I saved up for a while and bought myself a very basic yet (I think) brilliant camera that can capture good quality images of the recipes I was creating, but not break the bank. In my eyes, there was little point in spending several hundred pounds on a super expensive camera when I had no idea what I was doing with all its clever features. I settled on one deemed a ‘beginners’ camera and decided I will upgrade when I out-grow it. For now I’m just learning on the job and reading article after article about what makes a good photo. I’ll get there!

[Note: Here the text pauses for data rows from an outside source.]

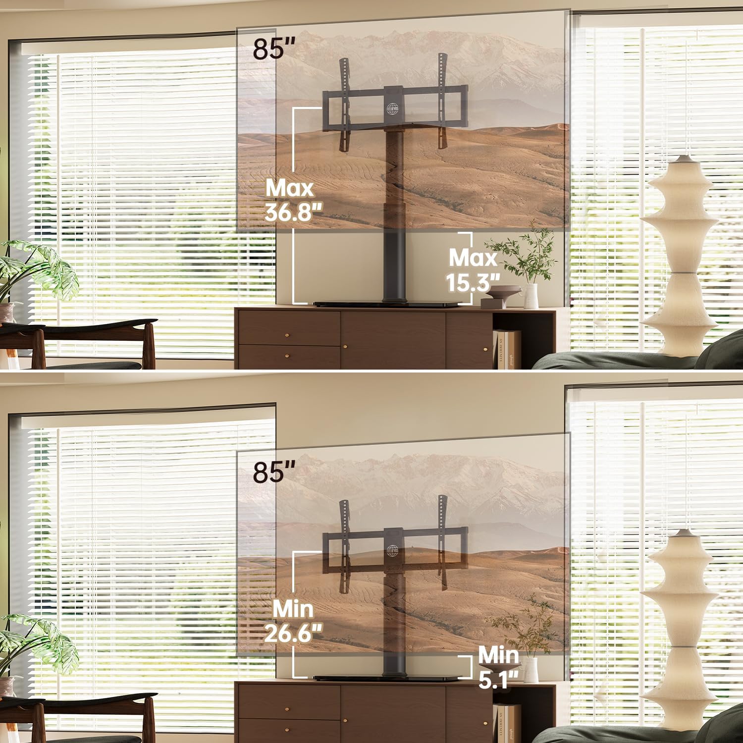- 【±30°Fluid Swivel for Free Control】Dominate your viewing angles with a 30° left/right swivel—This swivel TV stand mount is for gaming marathons, glare-free workouts, or hosting movie nights. The TV stand for bedroom's FITUEYES self-developed structure ensures the smooth rotation to match your dynamic lifestyle.
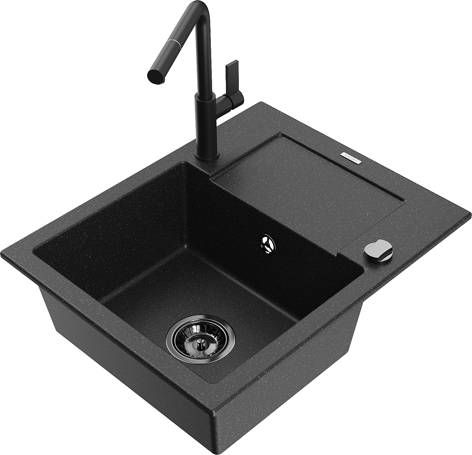 Mexen Enzo chiuvetă de granit cu 1 compartiment cu scurgător și baterie de bucătărie Flora, negru/metal argintiu - 6506-73-6704?
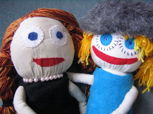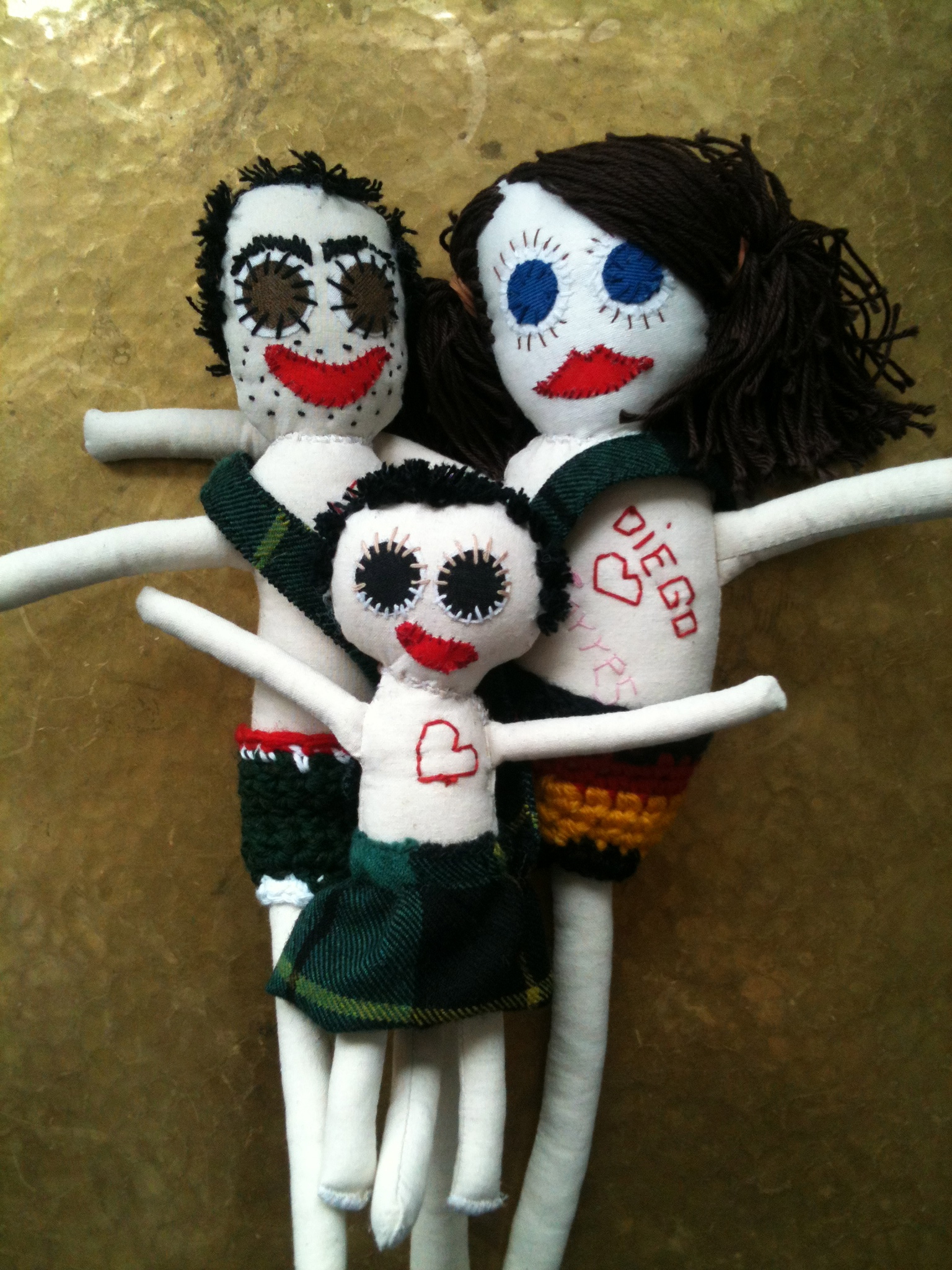 Die Puppen und deren Bekleidungen sind handgenäht und nach Vorlage von Fotos gestaltet.

As I continue to stumble through downloadable PDFs about aperture, white balance and studio lighting, I have turned my attention to props. Sourcing some gorgeous food photography props is the second most prominent piece of advice I’ve come across and has become something I really enjoy doing. What I love about it is that a prop for a food photo doesn’t have to have anything to do with food! My favourites are a big wooden trunk kept in the hallway which I tend to drag into the kitchen and use as a table; two sheets of A2 card, one in black and one in grey that I use to create different coloured surfaces; and a large sheet of hessian I bought from a gardening website. Obviously I use plates and bowls and other utensils too, but you’ll be amazed how many things can double up as a table when you need them to!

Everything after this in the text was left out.